Records from a collection
/---

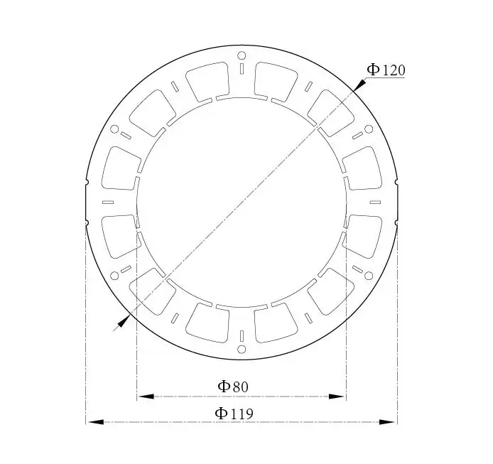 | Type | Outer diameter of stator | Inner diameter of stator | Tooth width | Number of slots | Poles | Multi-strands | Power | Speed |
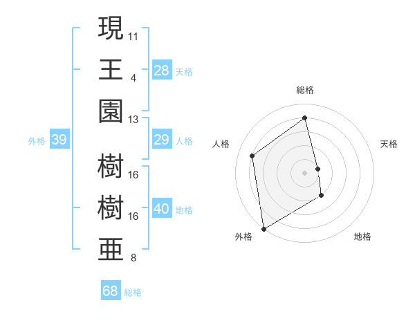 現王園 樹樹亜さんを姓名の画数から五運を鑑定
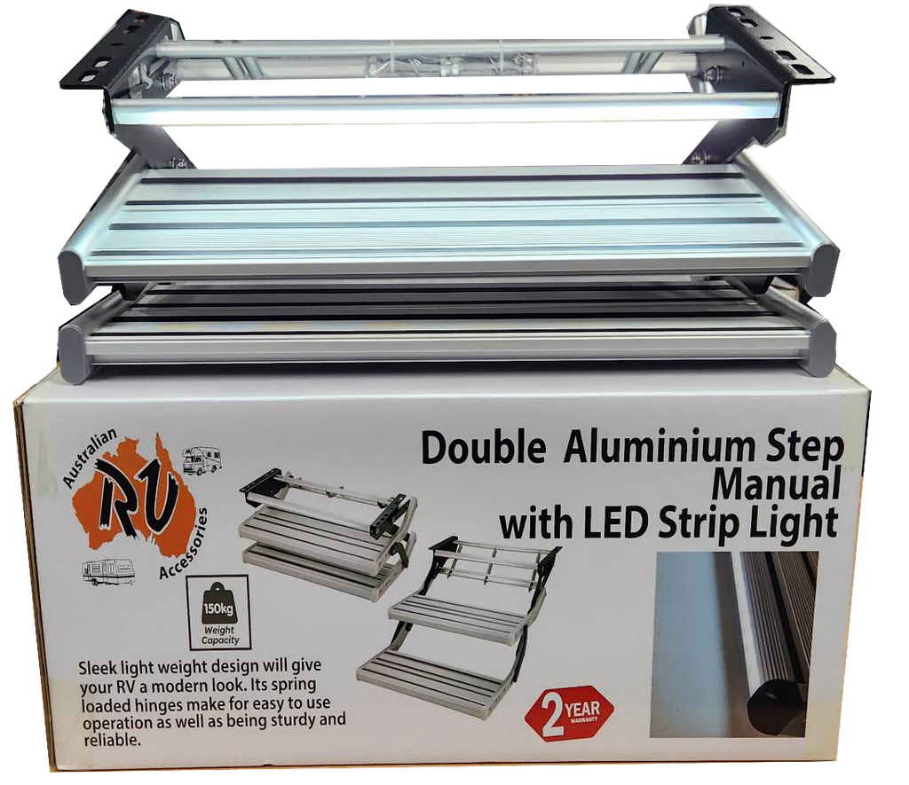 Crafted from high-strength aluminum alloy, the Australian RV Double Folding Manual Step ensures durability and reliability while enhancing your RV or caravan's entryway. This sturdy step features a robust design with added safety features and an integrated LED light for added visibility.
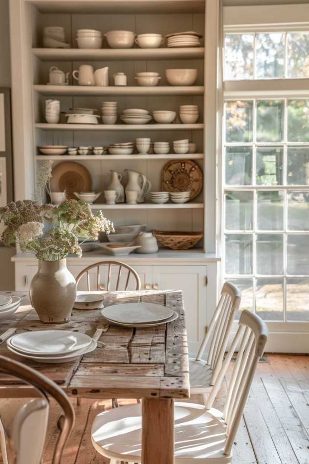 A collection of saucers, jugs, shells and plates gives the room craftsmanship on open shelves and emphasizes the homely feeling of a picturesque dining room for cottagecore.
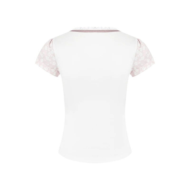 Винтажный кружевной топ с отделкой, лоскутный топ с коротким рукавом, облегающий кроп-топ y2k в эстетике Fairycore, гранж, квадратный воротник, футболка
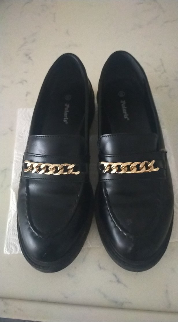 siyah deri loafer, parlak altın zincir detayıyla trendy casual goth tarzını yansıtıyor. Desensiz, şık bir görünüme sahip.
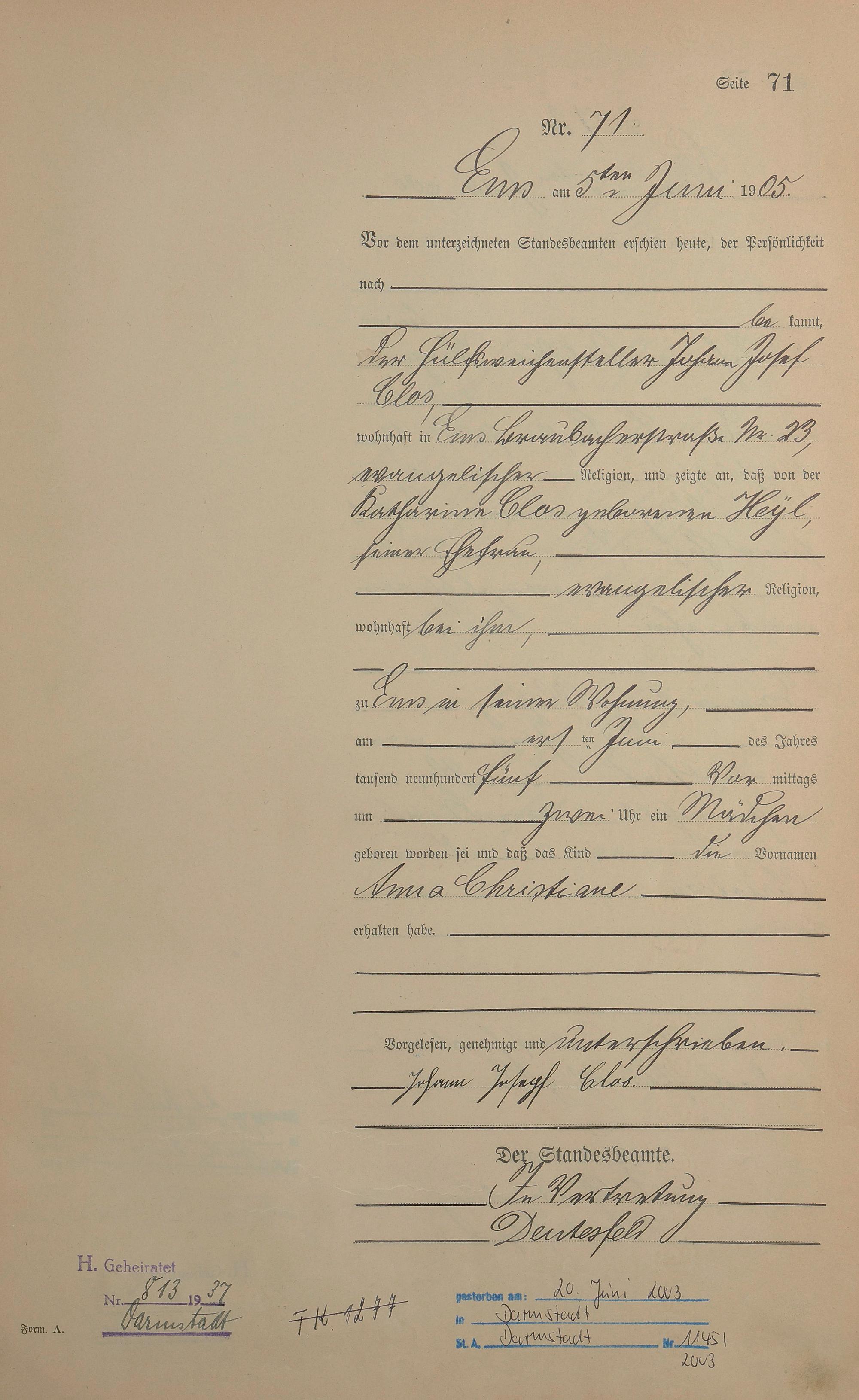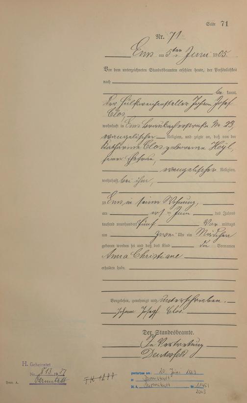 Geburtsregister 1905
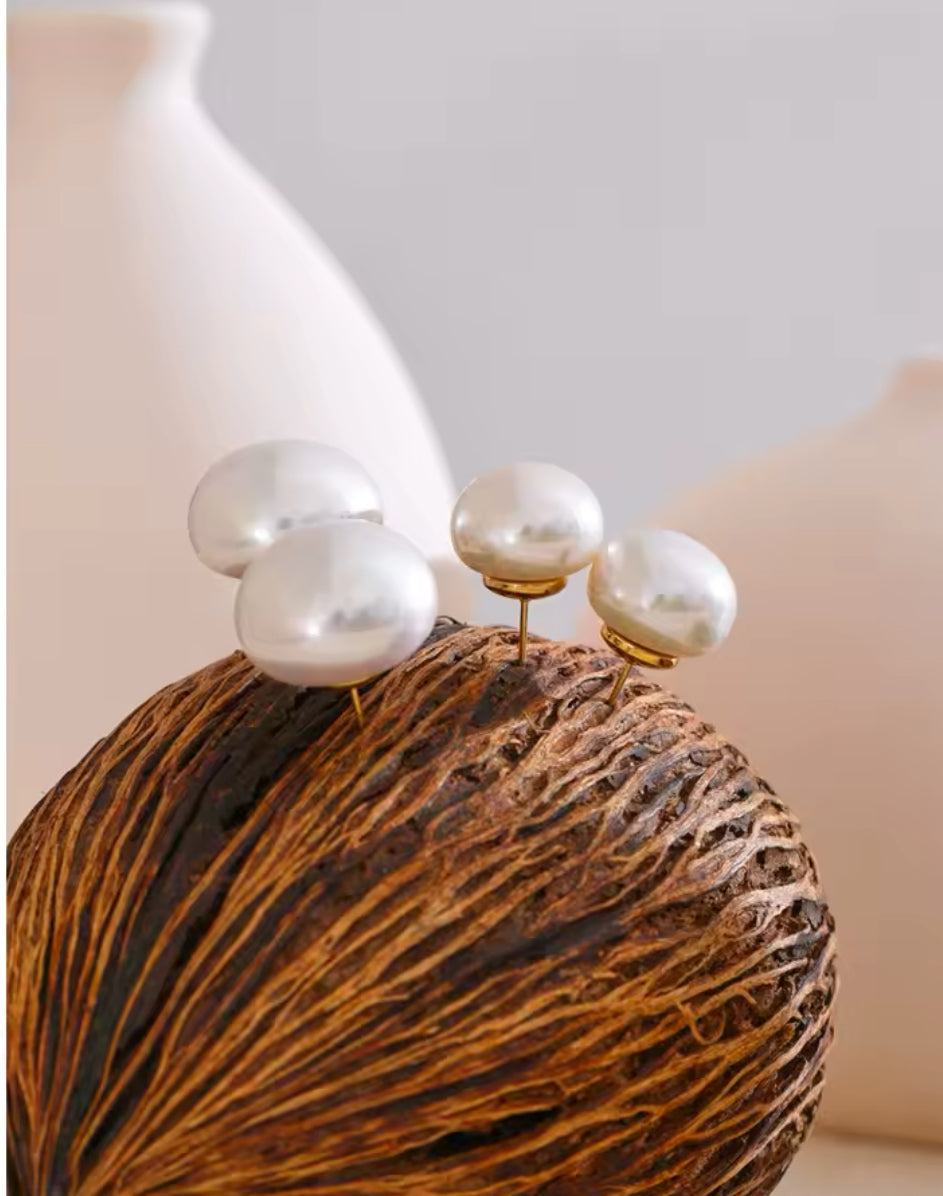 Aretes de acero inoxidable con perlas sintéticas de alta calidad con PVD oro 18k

\---

_DESCRIPTION OF THE TASK_.
The expected output is the full data above, reproduced exactly with no images.

_PROBLEM SOLUTION_.
 | Type | Outer diameter of stator | Inner diameter of stator | Tooth width | Number of slots | Poles | Multi-strands | Power | Speed |
 現王園 樹樹亜さんを姓名の画数から五運を鑑定
 Crafted from high-strength aluminum alloy, the Australian RV Double Folding Manual Step ensures durability and reliability while enhancing your RV or caravan's entryway. This sturdy step features a robust design with added safety features and an integrated LED light for added visibility.
 A collection of saucers, jugs, shells and plates gives the room craftsmanship on open shelves and emphasizes the homely feeling of a picturesque dining room for cottagecore.
 Винтажный кружевной топ с отделкой, лоскутный топ с коротким рукавом, облегающий кроп-топ y2k в эстетике Fairycore, гранж, квадратный воротник, футболка
 siyah deri loafer, parlak altın zincir detayıyla trendy casual goth tarzını yansıtıyor. Desensiz, şık bir görünüme sahip.
 Geburtsregister 1905
 Aretes de acero inoxidable con perlas sintéticas de alta calidad con PVD oro 18k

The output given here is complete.